Silberberg (1995), in a study of museums, identified four categories of cultural tourist. The ‘greatly motivated’ were equivalent to the arts-core, primary tourist: they travel specifically to see a museum and were estimated at 15 per cent of out-of-province visitors (Ontario, Canada). There were also tourists whose cultural motives were as important as other reasons for visiting; these are motivated ‘in part’ and were 30 per cent of out-of-province visitors. Silberberg’s ‘adjunct’ tourists are equivalent to those with incidental intent above (20 per cent of visitors) and the ‘accidental’ are identical with the use of the term above (20 per cent of out-of-province visitors).

In a study of foreign visitors to Australia, specific cultural visitors were identified as those ‘whose primary motivation for travel to a cultural attraction is based on a specific desire to experience a particular aspect of Australian culture’ (Foo and Rossetto, 1998: 55). For ‘general cultural visitors’ culture is a secondary motivation (see Chapter 7).

It may not be justifiable, therefore, to categorize many of those who visit cultural attractions as ‘cultural-tourists’. It would appear that most visitors to cultural attractions are culture-peripheral and not culture-core.

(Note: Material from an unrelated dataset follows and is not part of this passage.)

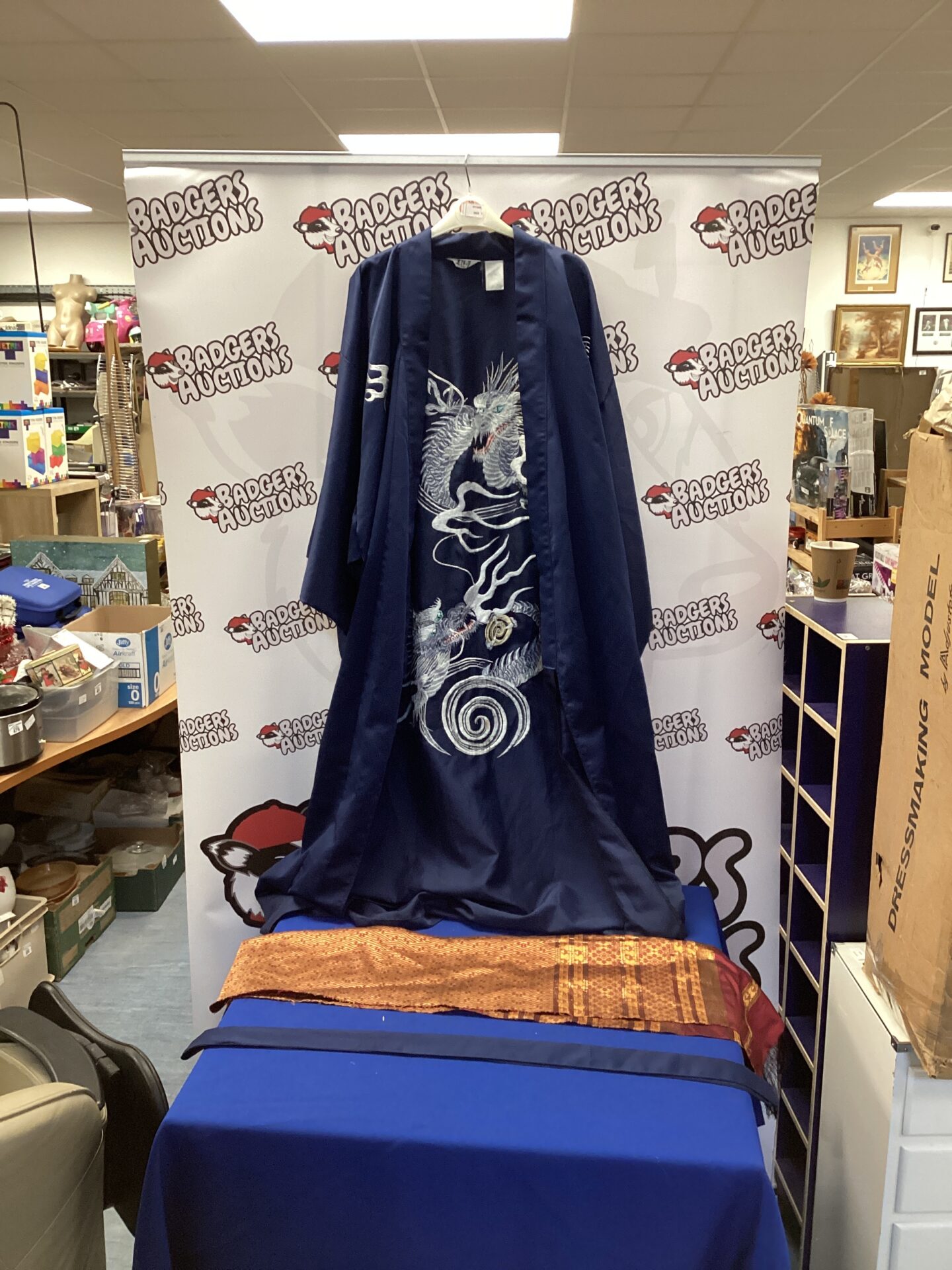 The robe presents with signs consistent with age and previous use, including minor creasing and potential wear to the silk. Despite this, the embroidery remains remarkably well-preserved, showcasing the skill of the artisan. This piece would appeal to collectors of Japanese textiles, vintage clothing enthusiasts, or those seeking a unique and decorative garment. The robe’s striking design and quality construction make it a desirable addition to any collection.
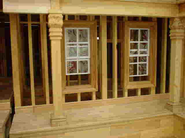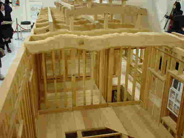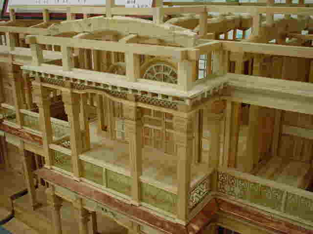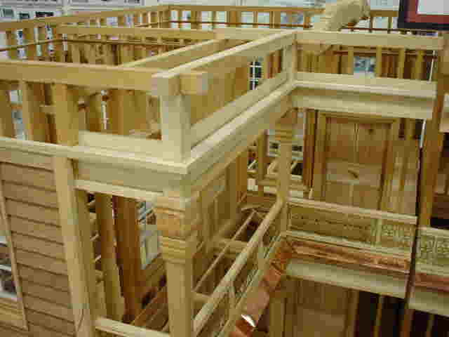 | 梁も形状がきちんと加工されています。小屋組が和風であるこの建物の特徴がよくわかります。 | 床の部分がカットモデル化されていて、建築構造がわかりやすくなっています。 | ブロンス格子や柱が丁寧に再現されています。 | 建築中の建物のようで、まるで中に入っていけそうなくらいリアル感があります。 |

Nonetheless the blanket term ‘cultural tourism’ continues to be widely applied to less-specifically motivated visits and statistics require careful interpretation. It was noted in Chapter 1 that the term arts-related tourism would be used in this book. Arts-tourism is that which relates only to tourists with a primary intent and specific interests – the upper right-hand sectors of Figure 4.3

A final part of the framework for analysing tourists is to distinguish between those who are on holiday and those who are not (see Figure 4.4). It is evident from the previous discussion that this is a dimension that can be introduced to further classify people in audiences. Some arts-core persons could consider the trip to be a holiday and others would not. What is or is not a holiday is essentially a personal internal construct. In other, arts-peripheral cases, they could be holiday visits or business or visiting friends. ‘Holiday’ cuts across arts-core and arts-peripheral categories as the visit can be a holiday with a purpose of going to the theatre or a holiday with a main purpose of enjoying sun and sea.

images

Figure 4.4   Arts-related tourists: a classification framework

It is important to remember that non-holiday does not necessarily mean that the trip is a business one or for the purpose of visiting friends and relatives. It was seen in Chapter 3 that a holiday can be conceptualized as a non-instrumental trip and a non-holiday trip is instrumental. An arts core, non-holiday trip can therefore be one with a purpose of visiting the theatre and which is not considered by the tourist to be a holiday. It is likely that the longer the trip, especially to foreign countries, that this becomes considered as a holiday. This distinction, as noted in Chapter 3, does not coincide with tourist board data relating to ‘holidays’.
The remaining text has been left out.